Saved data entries
----------------------------------------

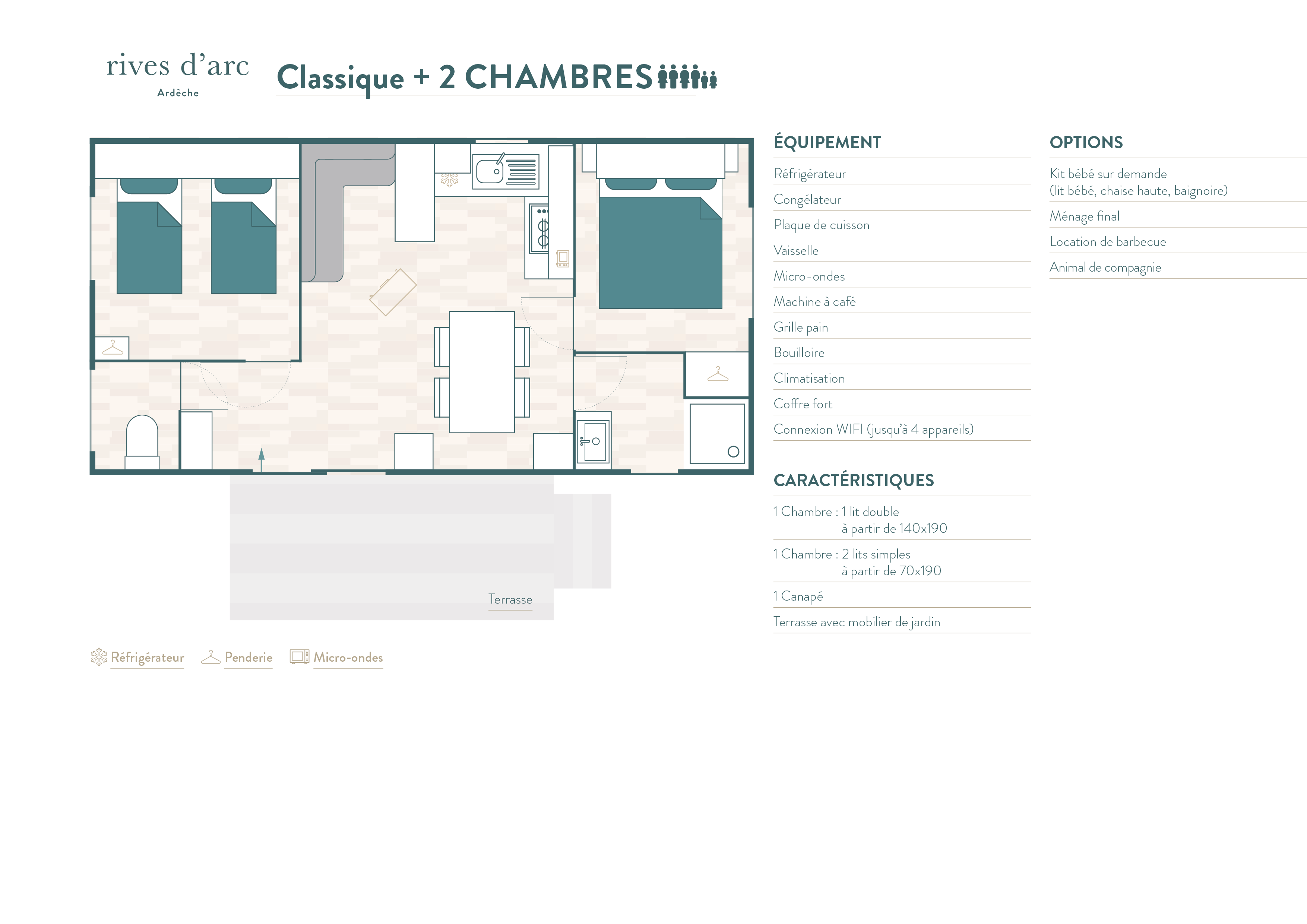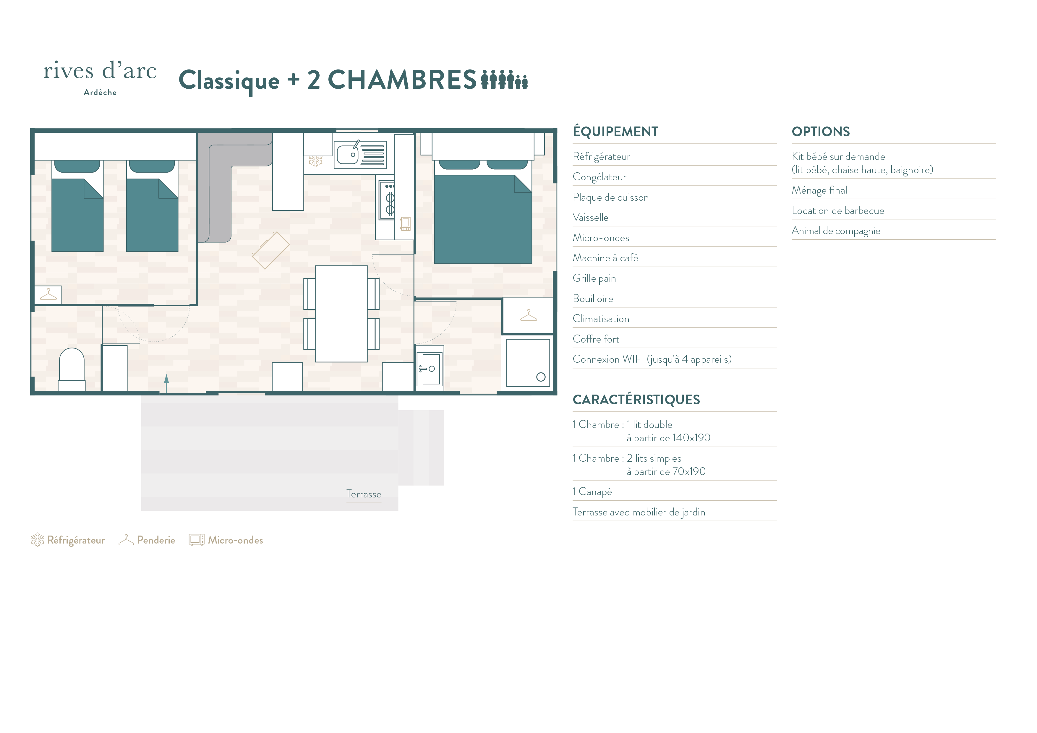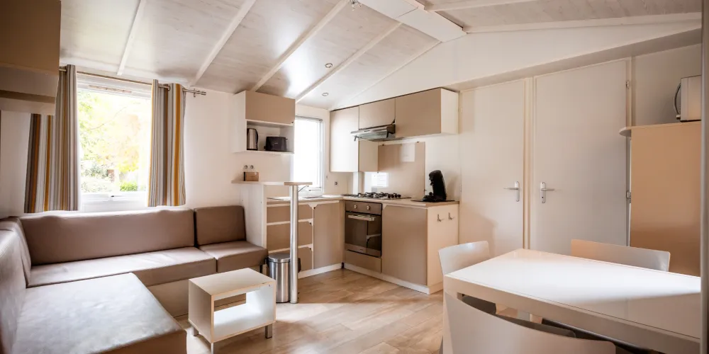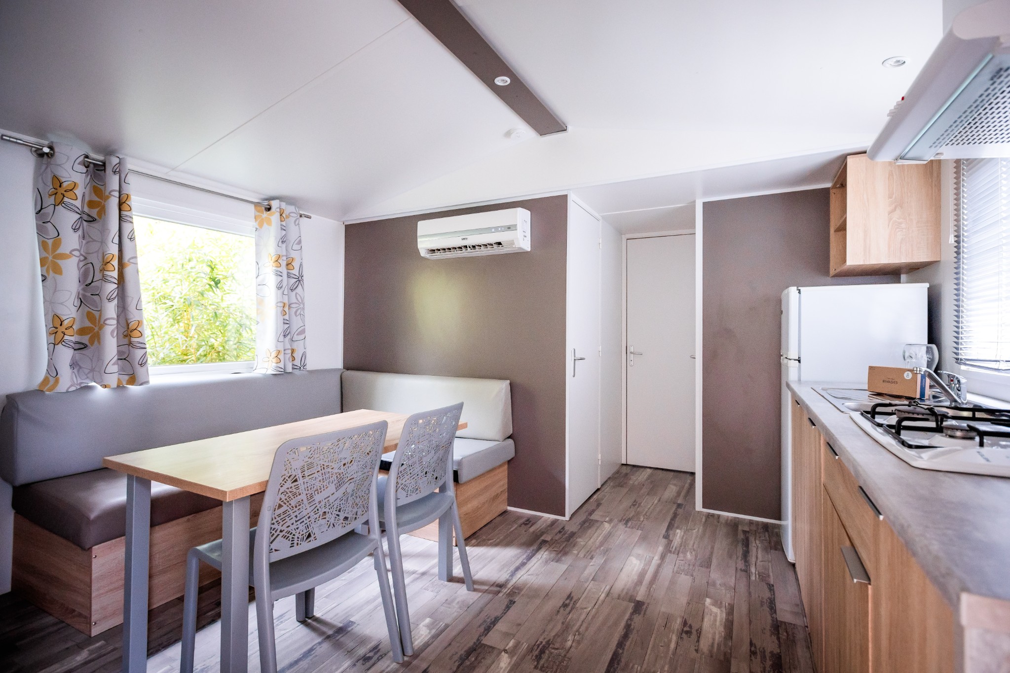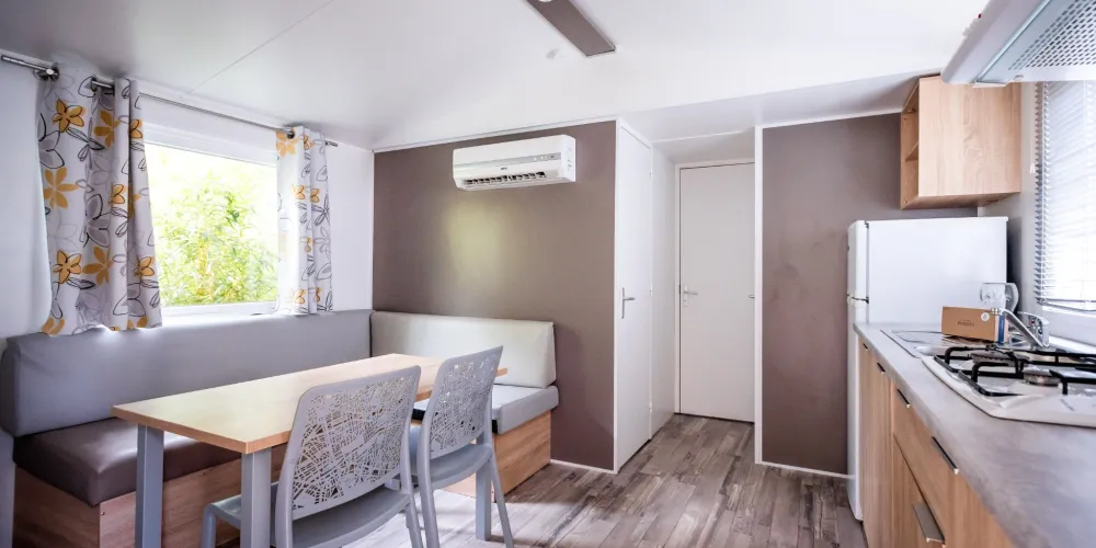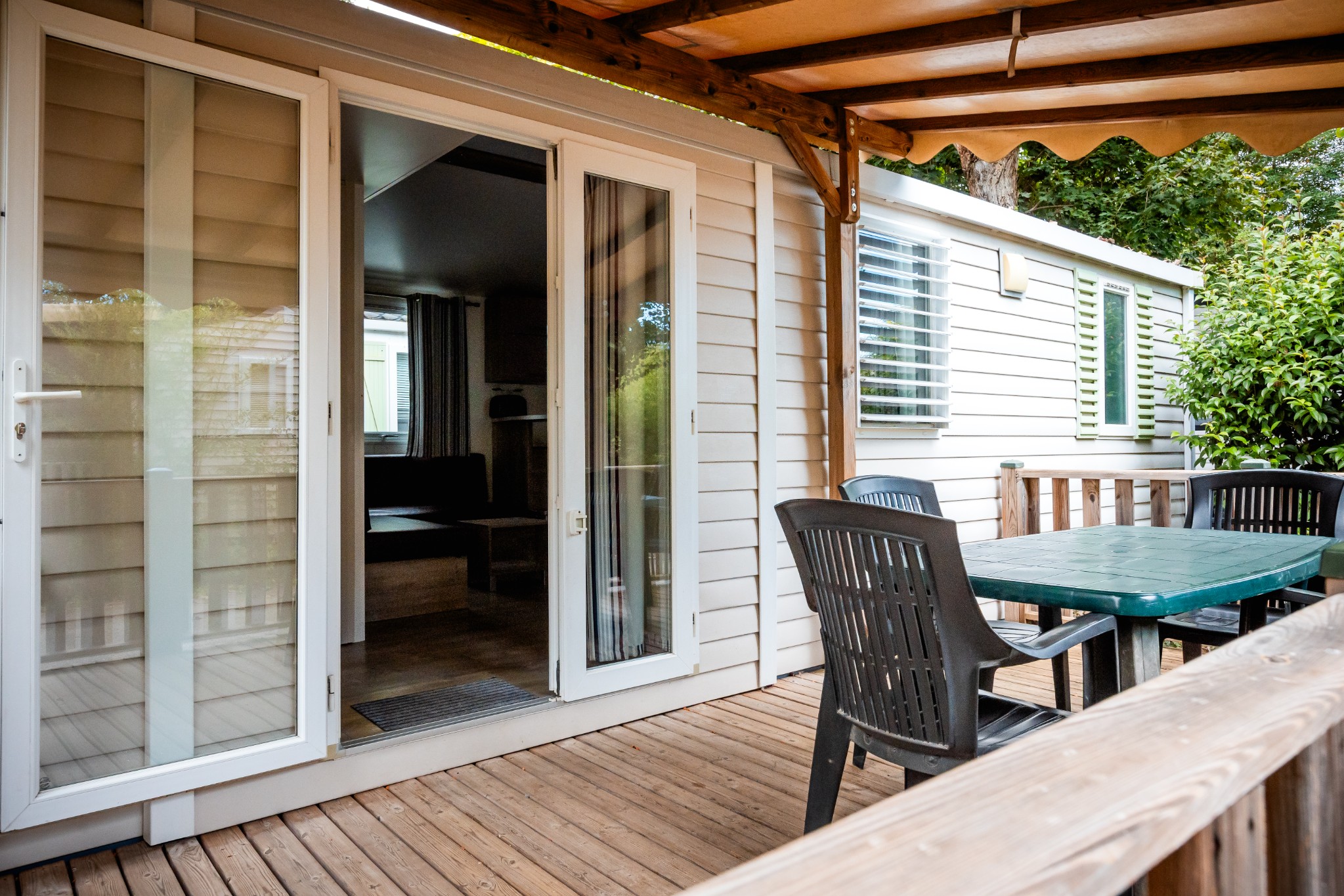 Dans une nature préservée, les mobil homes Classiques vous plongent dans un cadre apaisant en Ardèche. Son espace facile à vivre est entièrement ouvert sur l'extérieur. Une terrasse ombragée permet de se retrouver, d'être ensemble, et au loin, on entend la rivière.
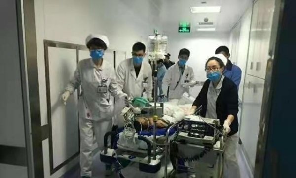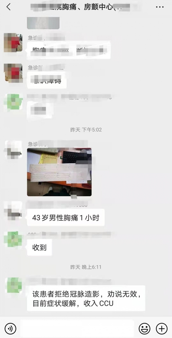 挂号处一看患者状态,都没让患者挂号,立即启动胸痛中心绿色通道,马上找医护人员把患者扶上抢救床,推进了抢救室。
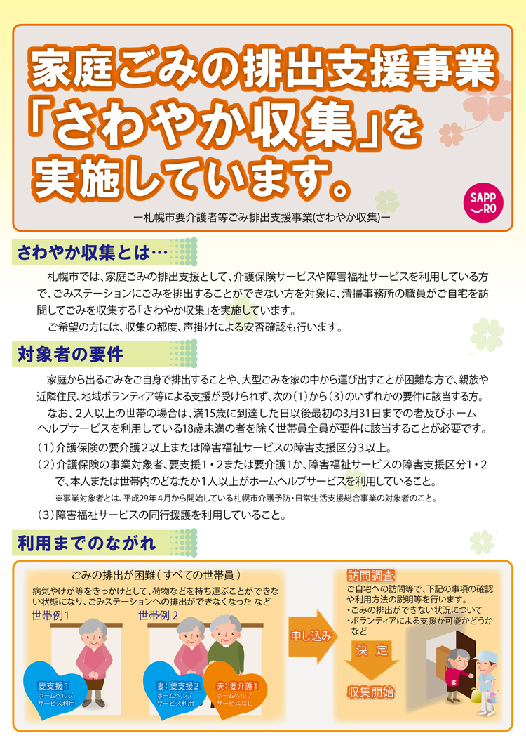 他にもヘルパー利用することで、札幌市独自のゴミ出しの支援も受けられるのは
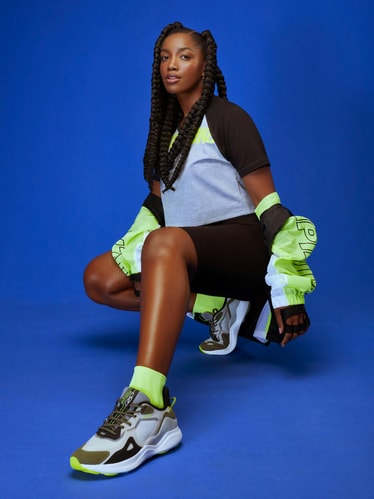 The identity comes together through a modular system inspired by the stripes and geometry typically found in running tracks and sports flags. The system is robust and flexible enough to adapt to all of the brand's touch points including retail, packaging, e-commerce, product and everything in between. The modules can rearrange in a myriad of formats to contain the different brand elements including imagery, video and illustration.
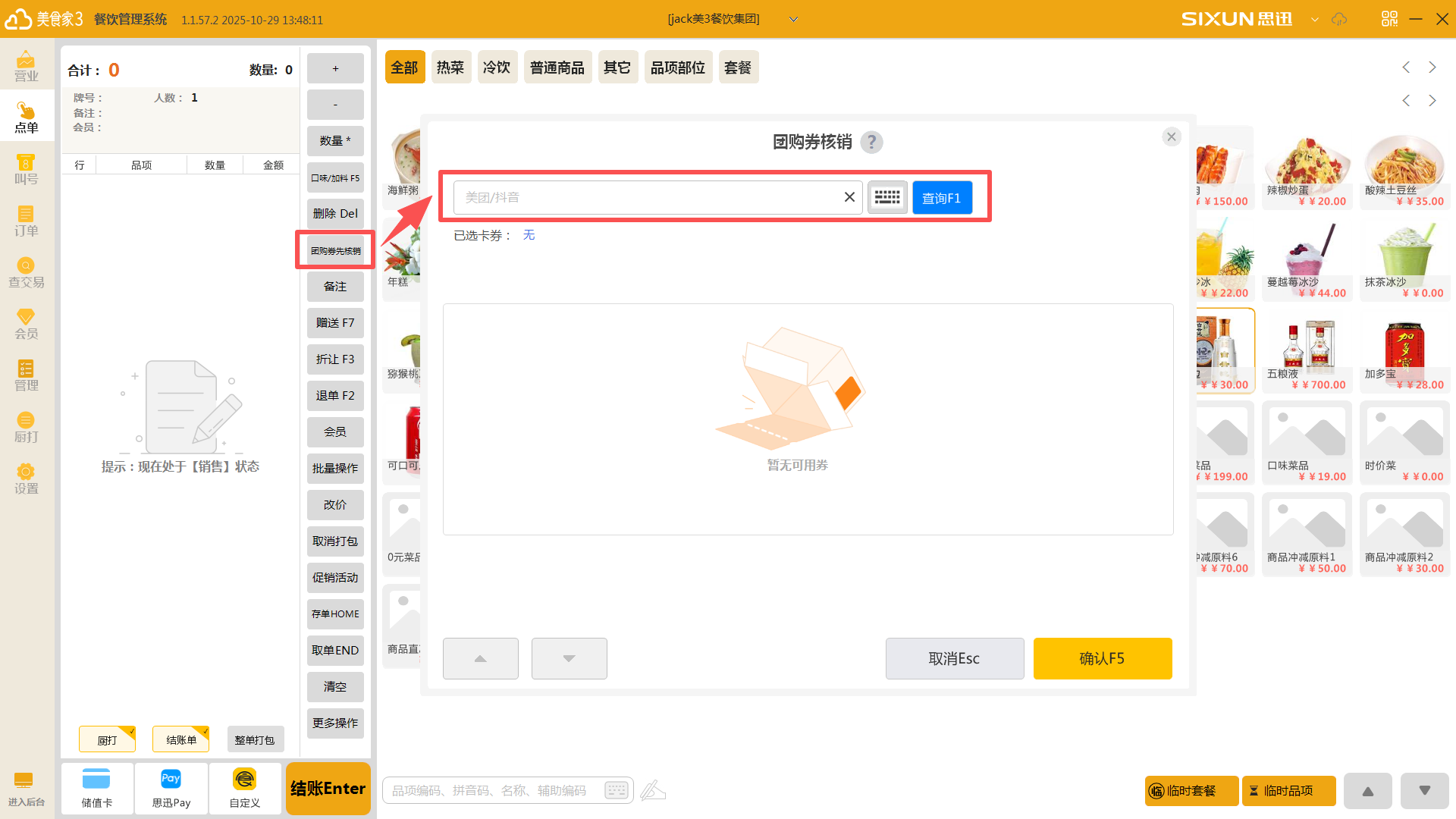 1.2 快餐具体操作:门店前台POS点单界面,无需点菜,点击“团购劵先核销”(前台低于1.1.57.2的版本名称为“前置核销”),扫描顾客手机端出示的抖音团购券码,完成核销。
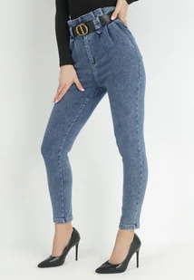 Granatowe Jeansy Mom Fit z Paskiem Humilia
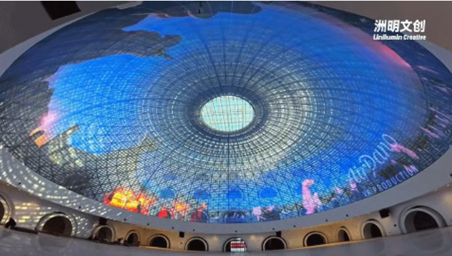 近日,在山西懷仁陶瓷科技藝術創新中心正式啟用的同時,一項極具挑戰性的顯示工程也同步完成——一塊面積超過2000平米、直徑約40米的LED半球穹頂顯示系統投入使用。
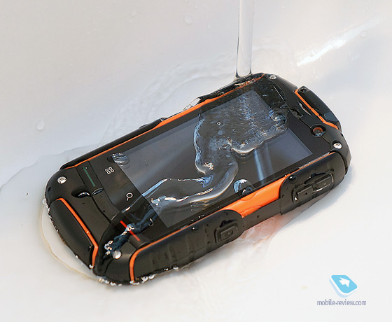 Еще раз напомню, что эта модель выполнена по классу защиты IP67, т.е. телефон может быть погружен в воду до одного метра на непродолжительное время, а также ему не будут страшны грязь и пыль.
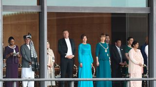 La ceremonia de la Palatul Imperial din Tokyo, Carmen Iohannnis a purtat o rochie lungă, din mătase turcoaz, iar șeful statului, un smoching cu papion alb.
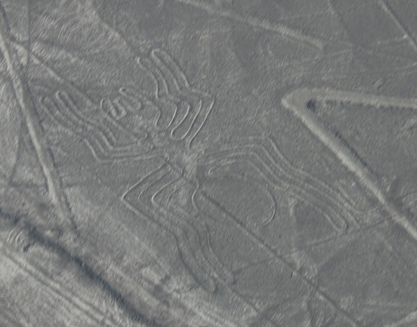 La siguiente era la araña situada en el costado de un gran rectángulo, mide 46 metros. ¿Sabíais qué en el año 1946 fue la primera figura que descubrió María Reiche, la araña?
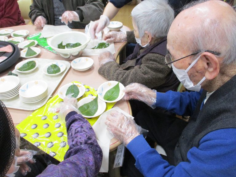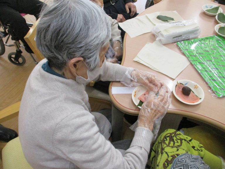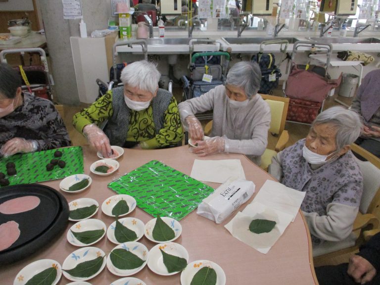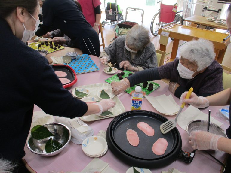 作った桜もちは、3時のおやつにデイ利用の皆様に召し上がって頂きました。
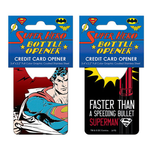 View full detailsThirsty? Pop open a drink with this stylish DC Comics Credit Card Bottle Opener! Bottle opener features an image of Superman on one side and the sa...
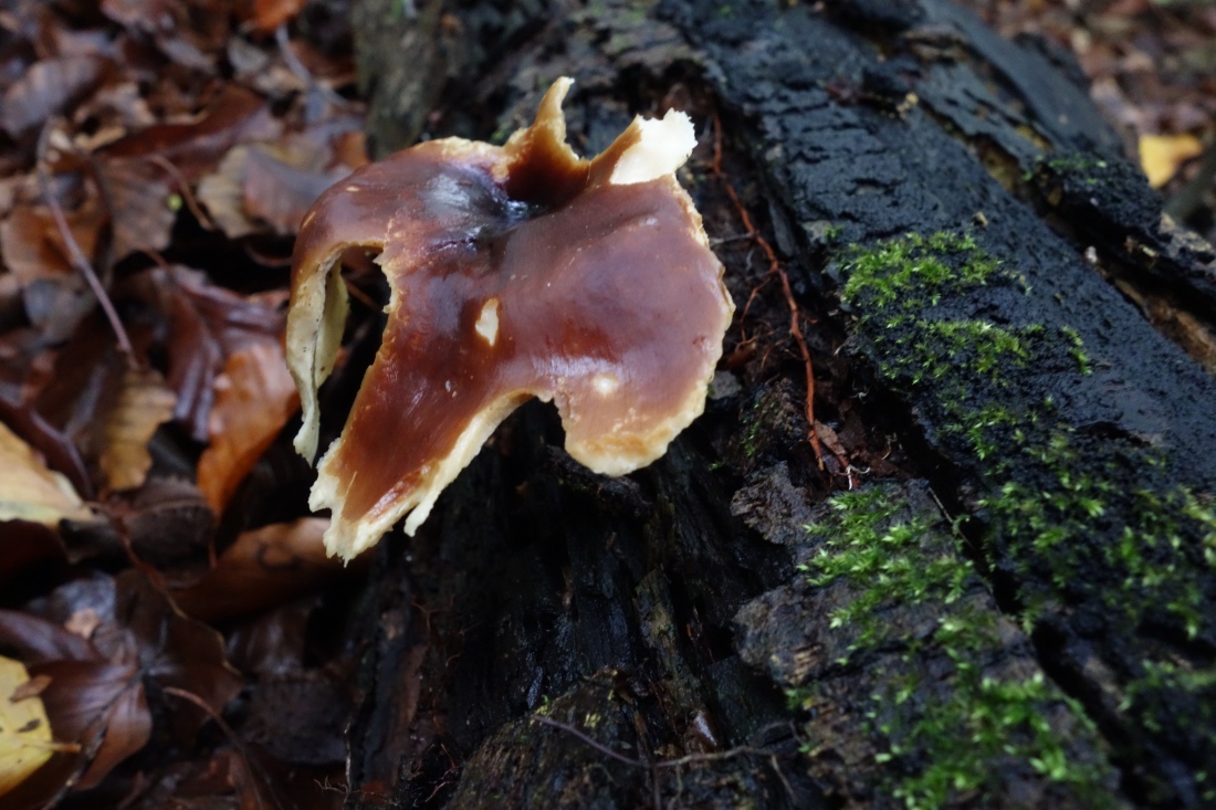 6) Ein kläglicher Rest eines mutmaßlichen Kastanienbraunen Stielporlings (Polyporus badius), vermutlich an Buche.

----------------------------------------

Task prompt - Return each entry exactly as given. Leave the images out.

Task answer -
 Dans une nature préservée, les mobil homes Classiques vous plongent dans un cadre apaisant en Ardèche. Son espace facile à vivre est entièrement ouvert sur l'extérieur. Une terrasse ombragée permet de se retrouver, d'être ensemble, et au loin, on entend la rivière.
 挂号处一看患者状态,都没让患者挂号,立即启动胸痛中心绿色通道,马上找医护人员把患者扶上抢救床,推进了抢救室。
 他にもヘルパー利用することで、札幌市独自のゴミ出しの支援も受けられるのは
 The identity comes together through a modular system inspired by the stripes and geometry typically found in running tracks and sports flags. The system is robust and flexible enough to adapt to all of the brand's touch points including retail, packaging, e-commerce, product and everything in between. The modules can rearrange in a myriad of formats to contain the different brand elements including imagery, video and illustration.
 1.2 快餐具体操作:门店前台POS点单界面,无需点菜,点击“团购劵先核销”(前台低于1.1.57.2的版本名称为“前置核销”),扫描顾客手机端出示的抖音团购券码,完成核销。
 Granatowe Jeansy Mom Fit z Paskiem Humilia
 近日,在山西懷仁陶瓷科技藝術創新中心正式啟用的同時,一項極具挑戰性的顯示工程也同步完成——一塊面積超過2000平米、直徑約40米的LED半球穹頂顯示系統投入使用。
 Еще раз напомню, что эта модель выполнена по классу защиты IP67, т.е. телефон может быть погружен в воду до одного метра на непродолжительное время, а также ему не будут страшны грязь и пыль.
 La ceremonia de la Palatul Imperial din Tokyo, Carmen Iohannnis a purtat o rochie lungă, din mătase turcoaz, iar șeful statului, un smoching cu papion alb.
 La siguiente era la araña situada en el costado de un gran rectángulo, mide 46 metros. ¿Sabíais qué en el año 1946 fue la primera figura que descubrió María Reiche, la araña?
 作った桜もちは、3時のおやつにデイ利用の皆様に召し上がって頂きました。
 View full detailsThirsty? Pop open a drink with this stylish DC Comics Credit Card Bottle Opener! Bottle opener features an image of Superman on one side and the sa...
 6) Ein kläglicher Rest eines mutmaßlichen Kastanienbraunen Stielporlings (Polyporus badius), vermutlich an Buche.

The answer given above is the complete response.